Noticing that the "size" features and the "weight" features are correlated ammong themselves, let us see if we the data can "nicely" be captured by just two features. The data is already scaled and standardized. Let us start by computing the covarince matrix.
m = X_train.shape[0]
Sigma = (1 / m) * np.dot( X_train[num_vars].T, X_train[num_vars])
U = np.linalg.eig(Sigma)[1]
Lambda = np.linalg.eig(Sigma)[0]
np.round(U, 4)
np.round(Lambda, 3)
array([6.549e+00, 1.810e-01, 1.230e-01, 1.100e-02, 3.000e-03, 5.600e-02, 7.700e-02])
Notice that the first two eigenvalues are the biggest ones. Looking at the values, we can notice that even only one component explains a lot of variance in the data compared to others, but we will stick with two. Now that we got the eigenvectors, let's test if the first two will suffice for the decomposition.
U_r = U[:, :2]
print(U_r)
[[-0.38042627 -0.17376591] [-0.3808758 -0.21901104] [-0.36482612 -0.69848051] [-0.38668157 0.28072917] [-0.3755808 0.49316573] [-0.37785864 0.33224088] [-0.37914464 -0.03948732]]

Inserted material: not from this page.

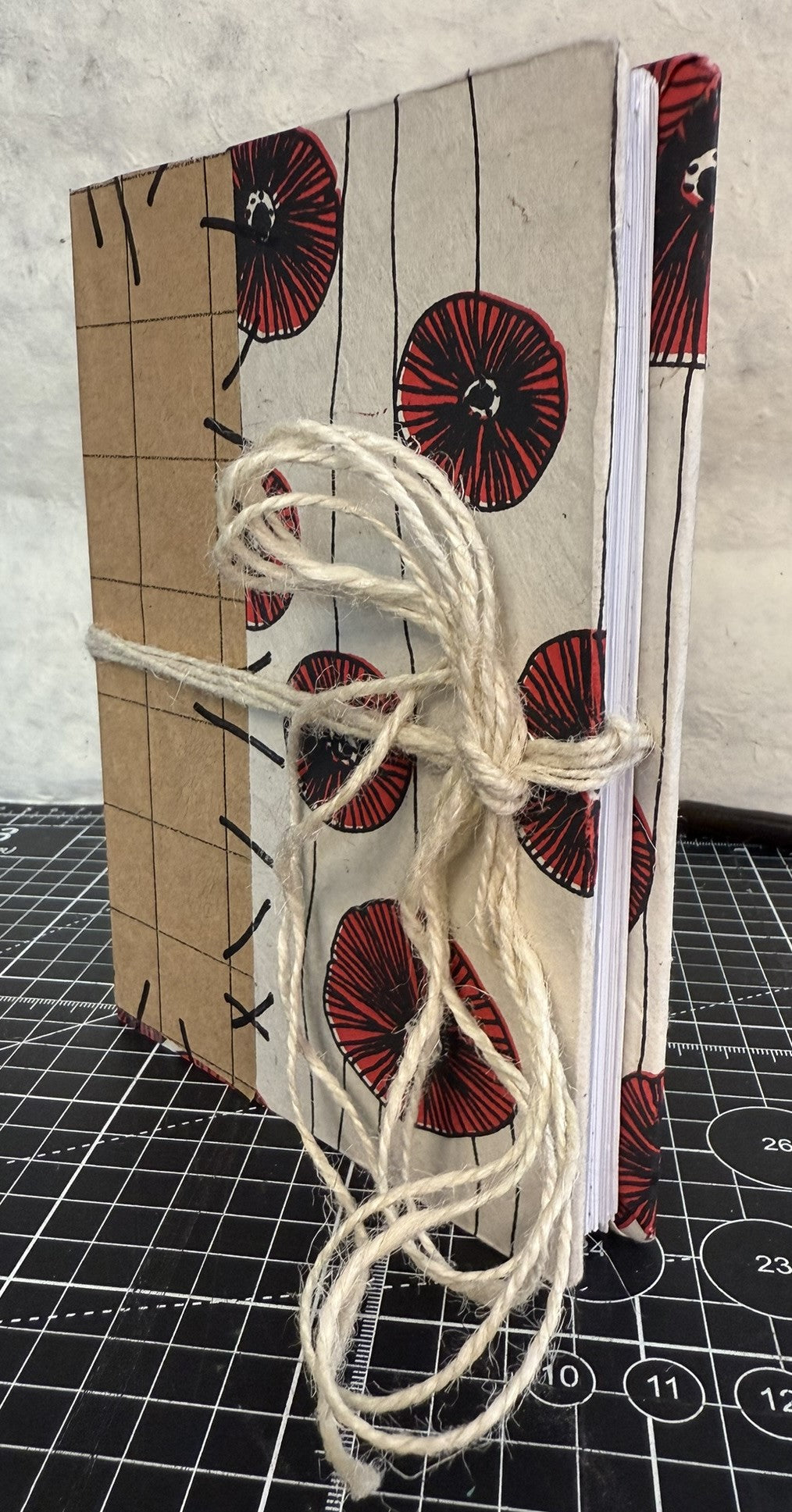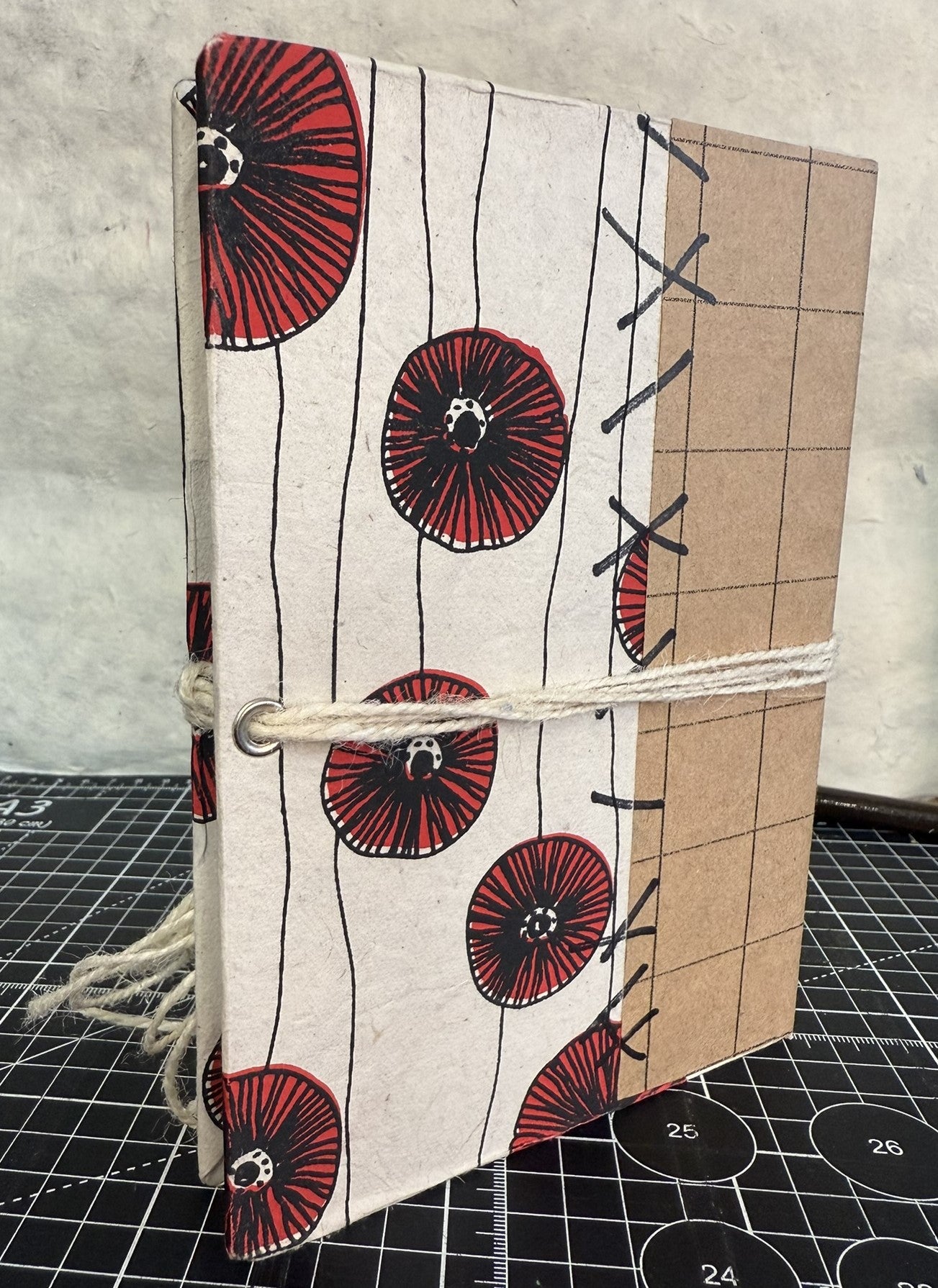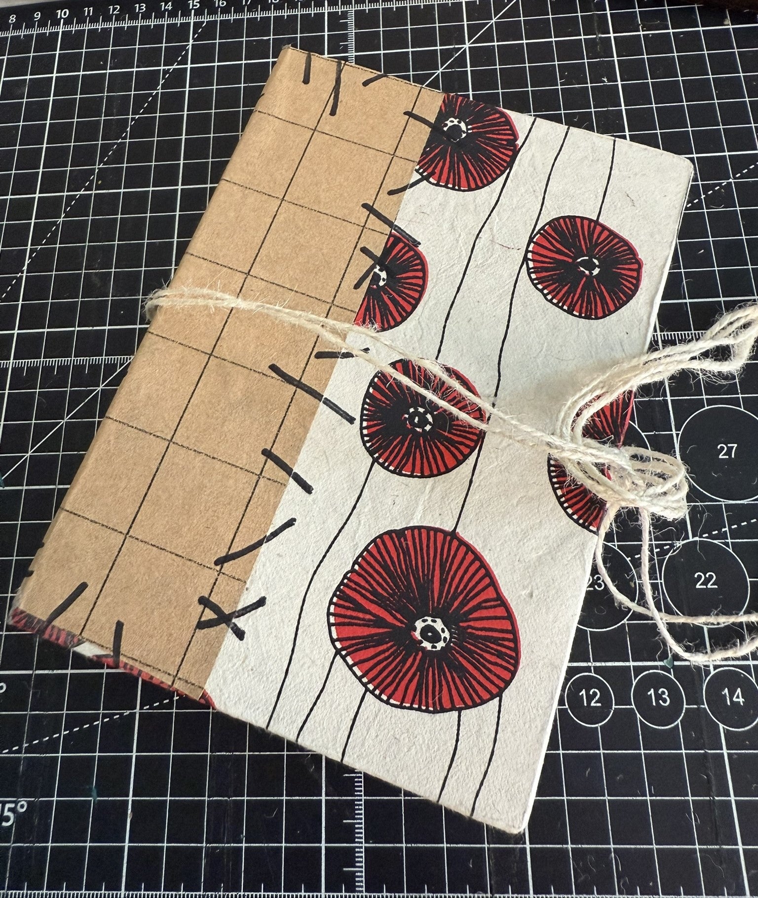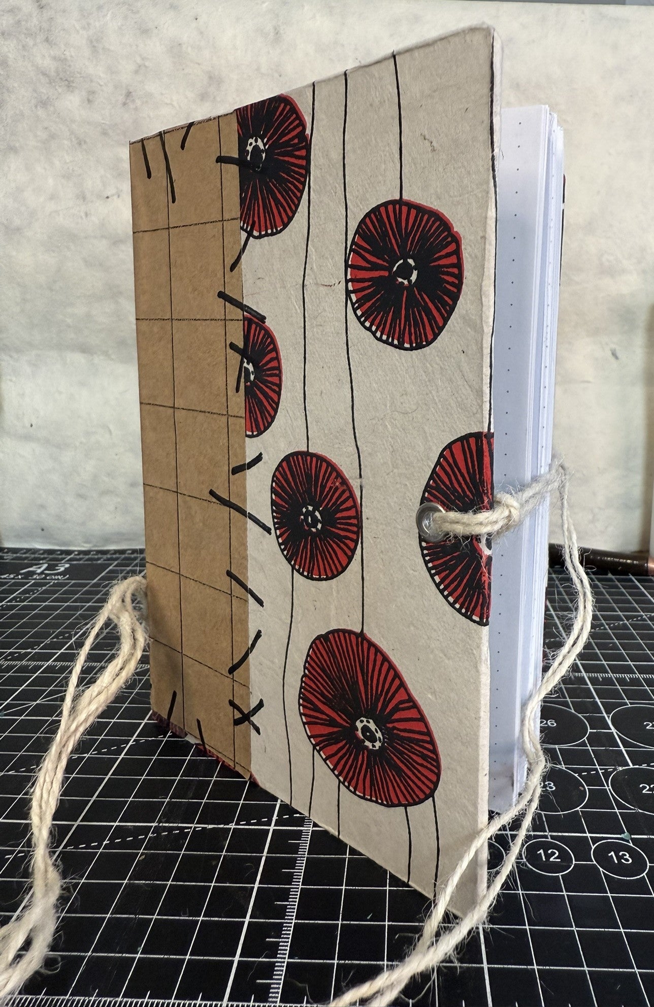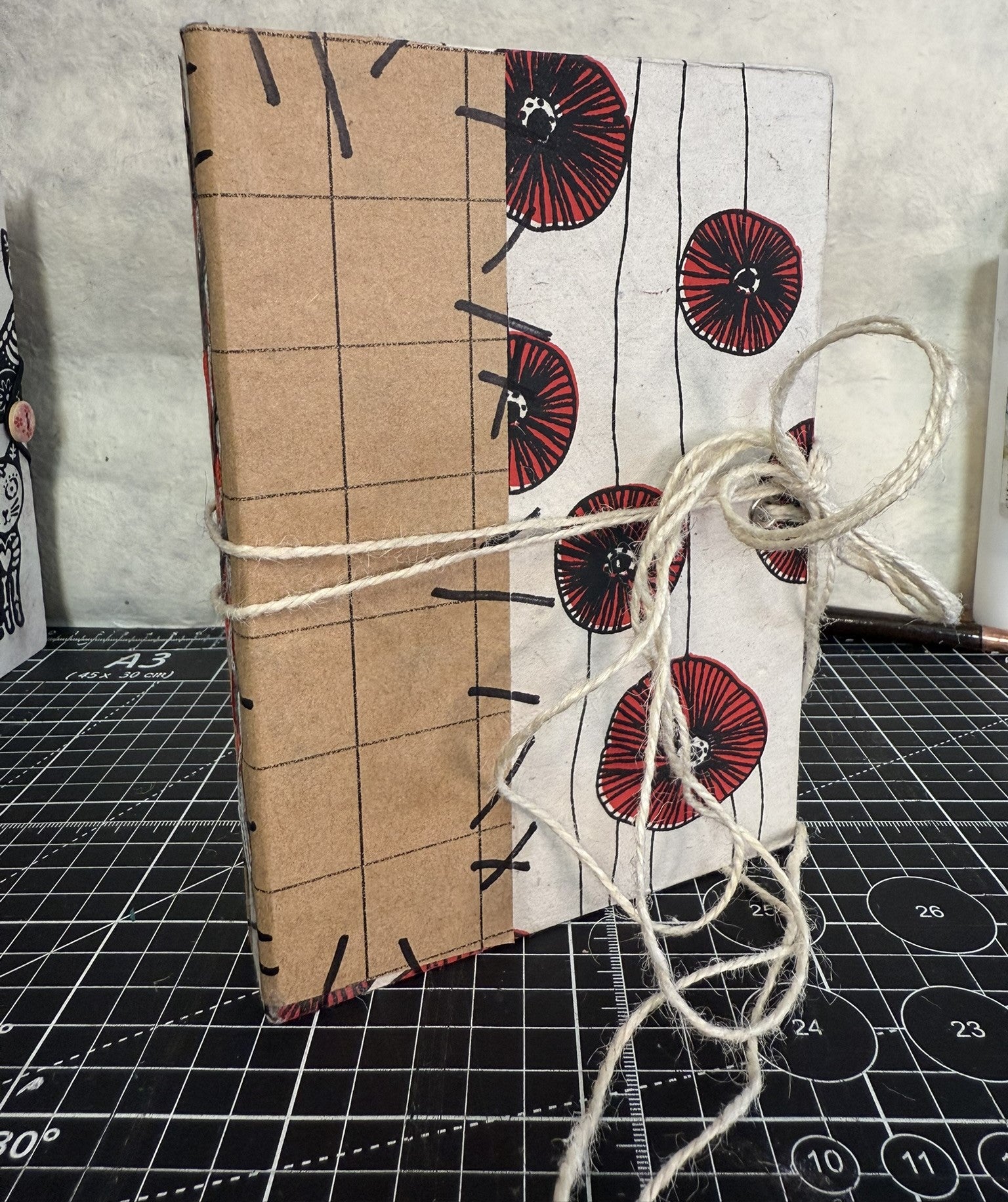 Wrapped in lokta paper printed with striking red and black poppies, this journal balances softness with strength. Inside, black kraft paper lines the covers, grounding the design in contrast and calm.

Z_train = np.matmul(U_r.T, X_train[num_vars].T.to_numpy())
plt.scatter(Z_train[0, :], Z_train[1, :])
<matplotlib.collections.PathCollection at 0x30eab6e10>
Let us check if the reconstruction error in the data is small enough.
X_train_approx = (U_r @ Z_train).T
numerator = (X_train_approx - X_train[num_vars]).to_numpy()
np.square(numerator)
numerator = np.sum(numerator)
numerator
denominator = X_train[num_vars].to_numpy()
denominator = np.square(denominator)
denominator = np.sum(denominator)
denominator
1-numerator/denominator
1.0
In the cell above, we have first calculated matrix $X_{trainapprox}$ which is the reconstruction of the $x^{(i)}$'s using $z^{(i)}$'s and the reduces eigenvector matrix $U_r$. Recall that $x^{(i)}$ is the $i$th training example and corresponds to the $i$th row in the $X_{train}$ matrix, while $z^{(i)}$ is the projection of the given example onto the subspace spanned by the columns of the matrix $U_r$.
Next, we go on to calculate $\|x^{(i)} - x^{(i)}_{approx}\|^2$ and $\|x^{(i)}\|^2$ to calculate the percentage of retained variance defined as $1-\frac{\sum \|x^{(i)} - x^{(i)}_{approx}\|^2}{\sum \|x^{(i)}\|^2}$. Then we sum over $i$'s and calculate the ratio. Since in practice we put the threshold of variance retained at 99%, we can say that the Principal Component Analysis was successful.
To validate the calculations, we will check the results of the PCA done by the $\texttt{sklearn}$ library.
from sklearn.decomposition import PCA
pca = PCA(n_components=2)
pca.fit(X_train[num_vars])
pca.components_.T
array([[ 0.38042627, 0.17376591], [ 0.3808758 , 0.21901104], [ 0.36482612, 0.69848051], [ 0.38668157, -0.28072917], [ 0.3755808 , -0.49316573], [ 0.37785864, -0.33224088], [ 0.37914464, 0.03948732]])
It gives the inverses of vectors we found, so our calculation was correct. We can concluded that it suffices to use only the two extracted features to have the same results, reducing computational requirements.
One peculiarity of the dataset that could be exploited is unrelatedness between sex of the shell and age. Then, stratifying the data by maturity would gives us datapoints that follow Gaussian distribution closer.